The unidimensional compositional metric is cmp-score, which is
computed according to the following:
cmp-score=dist(v-rv1)+dist(v-rv2)+dist(v-rv3)+ . . .
+dist(v-rvN)
[0038] In another embodiment of the present invention, the
sequenced biological sequence fragment segregation module (210) is
adapted for segregating each sequenced biological sequence fragment
out of the plurality of sequenced biological sequence fragments in
to a plurality of groups based on respective computed
unidimensional compositional metric.
[0039] The resulting groups, each comprising one or more sequenced
biological sequence fragment(s) amongst the plurality of sequenced
biological sequence fragments, formed on the basis of respective
computed unidimensional compositional metric, are utilized in
genomic and/or metagenomic sequence analysis applications which
involve/require rapid ordering, comparison, categorization, and
annotation of each sequenced biological sequence fragment out of
the plurality of sequenced biological sequence fragments.
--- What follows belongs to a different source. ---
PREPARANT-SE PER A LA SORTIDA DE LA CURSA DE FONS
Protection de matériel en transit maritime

[0040] In an alternative embodiment of the present invention, the
computing of the unidimensional compositional metric for each
sequenced biological sequence fragment out of the plurality of
sequenced biological sequence fragments as a cumulative function of
the distance of the tetra-nucleotide frequency vector (v) from
three or more reference vectors, wherein the three or more
reference vectors are derived from a second set of reference
vectors.
[0041] The derivation of the second set of reference vectors
comprising steps of generating a 256-dimensional tetra-nucleotide
frequency vector (v) corresponding to each of a plurality of
randomly generated biological sequence fragments of a predetermined
length. Wherein, the length of the plurality of randomly generated
biological sequence fragments may be determined based on the
average length of query sequence(s) for which cmp-score needs to be
generated. The plurality of randomly generated biological sequence
fragments are derived from completely sequenced genomes. For each
of these sequence fragments, vectors representing the frequencies
of all possible tetra-nucleotides (in that sequence) are computed.
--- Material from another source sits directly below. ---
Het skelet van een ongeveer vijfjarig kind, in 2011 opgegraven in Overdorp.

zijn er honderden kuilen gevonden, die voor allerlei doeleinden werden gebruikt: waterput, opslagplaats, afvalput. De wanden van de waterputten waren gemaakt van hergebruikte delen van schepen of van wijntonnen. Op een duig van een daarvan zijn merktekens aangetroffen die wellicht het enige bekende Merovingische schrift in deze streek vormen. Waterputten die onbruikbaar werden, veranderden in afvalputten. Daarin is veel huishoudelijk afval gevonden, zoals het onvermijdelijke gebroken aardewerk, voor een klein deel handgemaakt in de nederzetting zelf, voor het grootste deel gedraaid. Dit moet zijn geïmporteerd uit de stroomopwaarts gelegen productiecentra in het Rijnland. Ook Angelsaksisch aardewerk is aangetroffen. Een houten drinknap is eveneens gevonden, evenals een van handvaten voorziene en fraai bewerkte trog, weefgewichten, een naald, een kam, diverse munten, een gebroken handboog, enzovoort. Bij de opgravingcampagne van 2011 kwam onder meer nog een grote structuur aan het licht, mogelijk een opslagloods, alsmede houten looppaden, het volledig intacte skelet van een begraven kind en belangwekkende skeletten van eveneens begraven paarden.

The entire set of 256-dimensional tetra-nucleotide frequency
vectors are subjected to Principal Component Analysis (PCA).
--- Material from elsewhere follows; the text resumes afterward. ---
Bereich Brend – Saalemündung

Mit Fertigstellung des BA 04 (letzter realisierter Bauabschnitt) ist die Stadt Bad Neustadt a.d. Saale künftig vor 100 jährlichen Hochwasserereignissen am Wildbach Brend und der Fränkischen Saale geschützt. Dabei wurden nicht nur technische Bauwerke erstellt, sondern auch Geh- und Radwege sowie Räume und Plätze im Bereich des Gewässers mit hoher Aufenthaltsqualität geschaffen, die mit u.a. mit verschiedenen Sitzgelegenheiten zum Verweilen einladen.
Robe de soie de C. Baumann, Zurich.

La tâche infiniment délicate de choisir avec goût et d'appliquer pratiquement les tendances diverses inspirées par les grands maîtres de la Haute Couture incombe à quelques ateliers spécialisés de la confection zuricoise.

Further, two vectors that lie at the extremes of the first
principal component i.e. maximally separated along PC1 (principal
component 1) are first selected. Furthermore, selection of two
vectors is repeated for PC2, PC3, . . . , PCn, such that two
discrete vectors are selected in each iteration, proceeding in the
order of PC1, PC2, PC3 . . . . PCn, for generating a second set of
reference vectors, wherein the second set of reference vectors
comprises of the discrete vector pairs arranged in the order of
their selection, i.e. in an order in which the reference vector
pairs derived from the extremes of the most significant principal
components precede reference vector pairs derived from the extremes
of relatively less significant principal components. Given that
each of the principal components are orthogonal to each other, the
reference vectors comprising the second set of reference vectors
are sufficiently separated from each other in the 256 dimensional
space.
[0042] The 256-dimensional tetra-nucleotide frequency vector (v)
corresponding to the each sequenced biological sequence fragment
out of the plurality of sequenced biological sequence fragments
generation is a one-time process and may not be repeated before
proceeding to subsequent steps of the method and system for
representing compositional properties of the biological sequence
fragment using the unidimensional compositional metric. Further,
the reference vector set generated from one set of biological
sequences may be employed for generating cmp-scores for any
biological sequence fragment either from the current study or
experiment as well as from any other study or experiment.
[0043] Referring to FIG. 3 is a flow chart illustrating a method
for representing compositional properties of a biological sequence
fragment in an embodiment that exemplifies an application of the
depicted method in the field of metagenomics.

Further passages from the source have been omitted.